А вот в Израиле казнят Адольфа Эйхмана, маленького немецкого человека, ставшего бухгалтером и завхозом холокоста, бежавшего в Аргентину, похищенного МОССАДом, так и не признавшего своей вины: я выполнял приказы, говорит он — и отбывает то ли в пекло, то ли в никуда.
А вот в Новочеркасске бунтуют советские рабочие (цены повысили, зарплаты понизили), и железный большевик Анастас Микоян подавляет бунт недрогнувшей рукой.
А вот тот же Микоян улаживает отношения с обиженным Кастро — и получает сообщение о смерти жены: человеческое измерение безжалостного, выжженного пространства большой политики.
А вот бывший зэк Александр Исаевич Солженицын беседует с сановным поэтом и редактором Алексан Трифонычем Твардовским — и выходит в «Новом мире» «Один день Ивана Денисовича», один глоток ворованного воздуха, по недолгому оттепельному послаблению временно легализованный.
А вот Хрущев приходит на манежную выставку и с отеческой строгостью, но без особой злобы журит художников из группы «Новая реальность» за неправильное видение этой самой реальности, и лишь напоследок скульптор Неизвестный своими абстракциями из дефицитной меди приводит генсека в неподдельную ярость, и тогда-то звучит наконец знаменитое «абстракцисты и пидорасы!».
А вот начинает партийную карьеру молодой Миша Горбачев. Скажи ему сейчас, что он станет тем хирургом, который, пытаясь спасти, зарежет на столе свою великую и хворую империю, — то-то смеяться будет.
А вот Папа Римский собирает Второй Ватиканский собор и пытается развернуть дряхлеющий католицизм к современному граду и миру, и тот град и мир, в котором мы все живем нынче, — тоже отчасти результат усилий старенького Папы Джованни…
И — совсем уж мельком, на полях, — выходят феллиниевские «8 ½» и первый фильм про агента 007, Тарковский получает «Золотого льва» за «Иваново детство», Фаулз вычитывает верстку «Коллекционера», впервые экранизируют набоковскую «Лолиту».

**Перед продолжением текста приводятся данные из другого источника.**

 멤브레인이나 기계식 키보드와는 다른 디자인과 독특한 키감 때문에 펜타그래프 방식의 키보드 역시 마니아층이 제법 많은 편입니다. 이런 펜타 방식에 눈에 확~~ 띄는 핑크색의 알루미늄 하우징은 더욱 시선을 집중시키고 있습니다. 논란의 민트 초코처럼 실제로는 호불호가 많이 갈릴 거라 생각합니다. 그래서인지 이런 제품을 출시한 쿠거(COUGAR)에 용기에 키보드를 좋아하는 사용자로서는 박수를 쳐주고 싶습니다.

Ничего себе такой год. Урожайный.
Но не ради же этой урожайности городит весь огород Александр Архангельский, энергичный либерал, обладатель ума одновременно острого, живого и трезвого (редкость по нашим временам). Не просто же красивую подборку событий, домысленных для яркости деталей, субъективных версий транслирует сыну, а заодно еще нескольким тысячам читателей.
«1962» на деле — инструкция по включению гражданского самосознания: инструкция непрямая, совершенно не дидактическая (про это самое сознание там — ни слова) — и оттого гораздо более убедительная и обаятельная.

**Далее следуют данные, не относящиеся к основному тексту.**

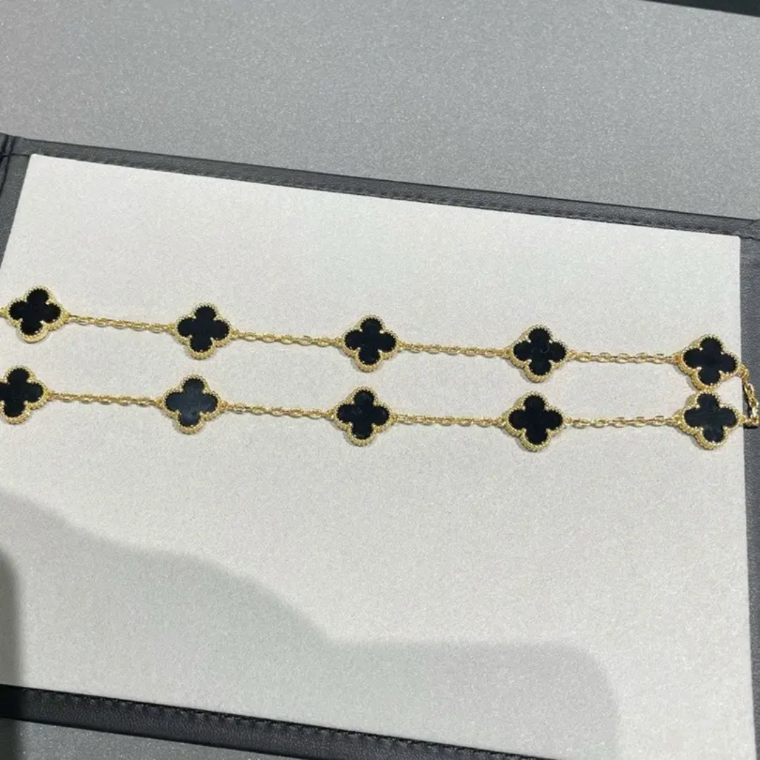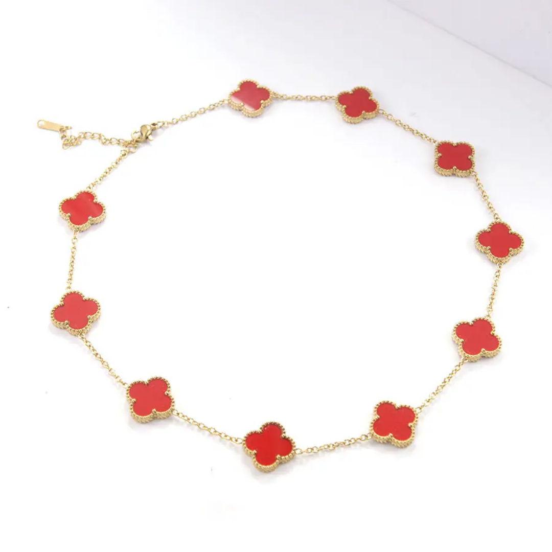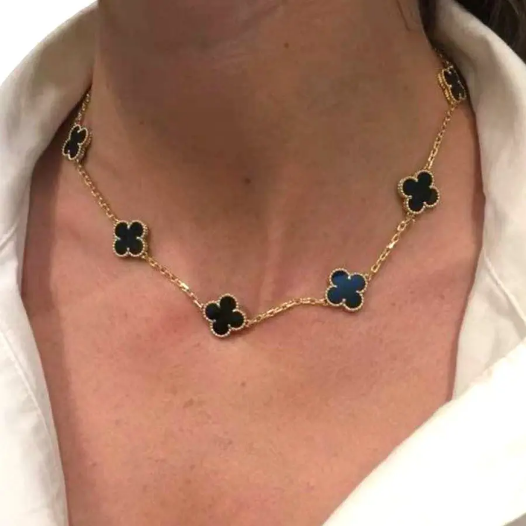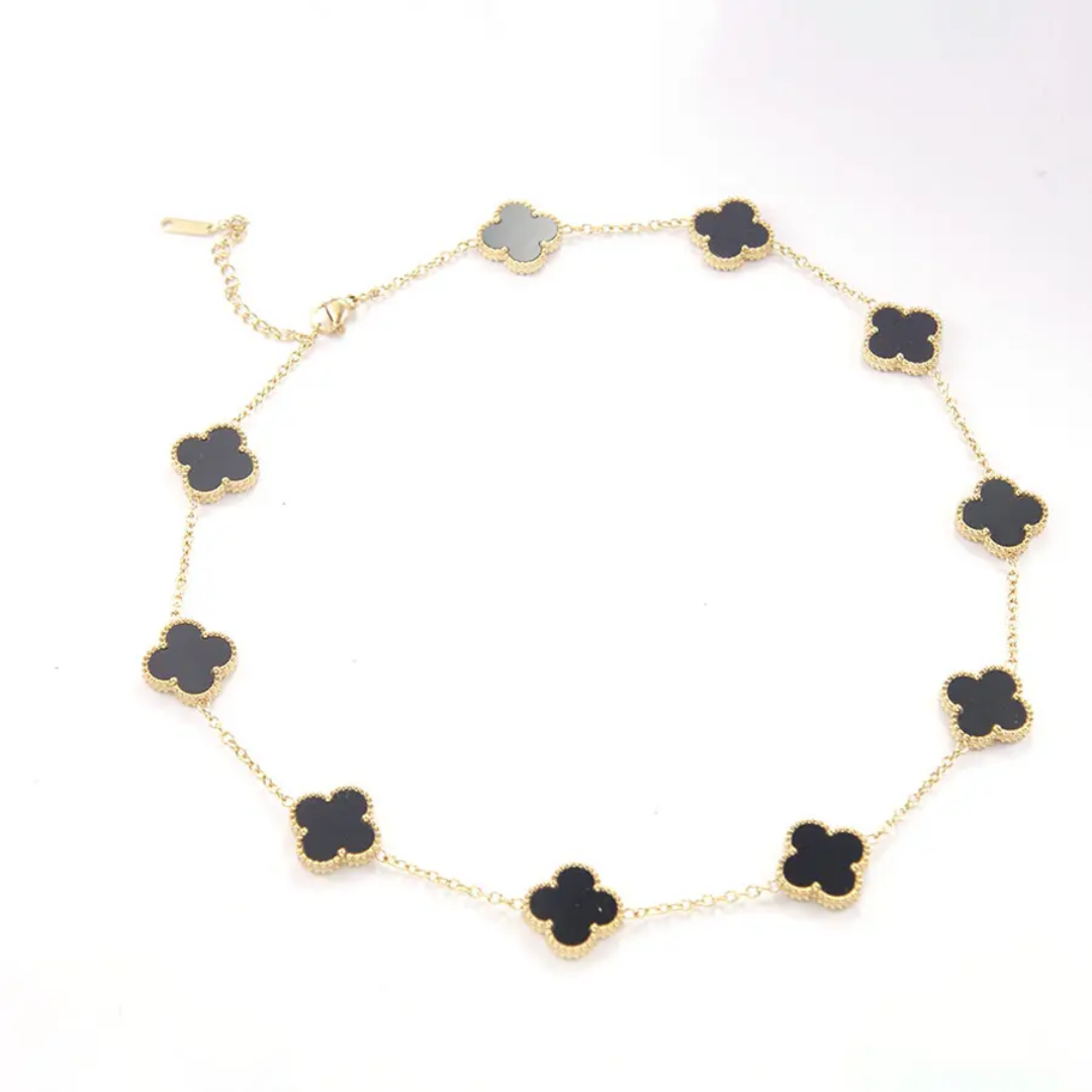 هذه القلادة الجميلة مصممة بعناية، وتتميز بعشر قلادات على شكل برسيم، بحواف ذهبية رقيقة. خيار مثالي لأي مناسبة لإكمال إطلالتك.

Отдельный маленький человек, демонстрирует Архангельский, — не наблюдатель Истории, но ее монада. Одновременно жертва и со-творец, рабочее тело и вершитель. Разумеется, шанс повлиять на Историю впрямую у него ничтожен — чего там, он и своей-то жизни не полновластный хозяин. Но и иллюзии неучастия, проистекающей из ощущения собственной отдельности и малости, дозволять себе не стоит. Потому что каждый человек — да, точка. Но та, в которой пересекаются оси абсцисс и ординат; вектор, протянутый во времени — через человека от предков к потомкам и в пространстве — через него же, с его смешными и жалкими частностями, от одних огромных событий к другим.
Без способности не осознать, так хотя бы ощутить, как тянутся, скрещиваясь лично в тебе, эти две оси, — невозможно и почувствовать ответственность; без ответственности же — какое гражданское общество, сообщество ответственных людей.
А чтобы попытаться это сделать, 1962-й с его плотностью исторических выборов вполне подходит.
И любой другой год рождения — тоже.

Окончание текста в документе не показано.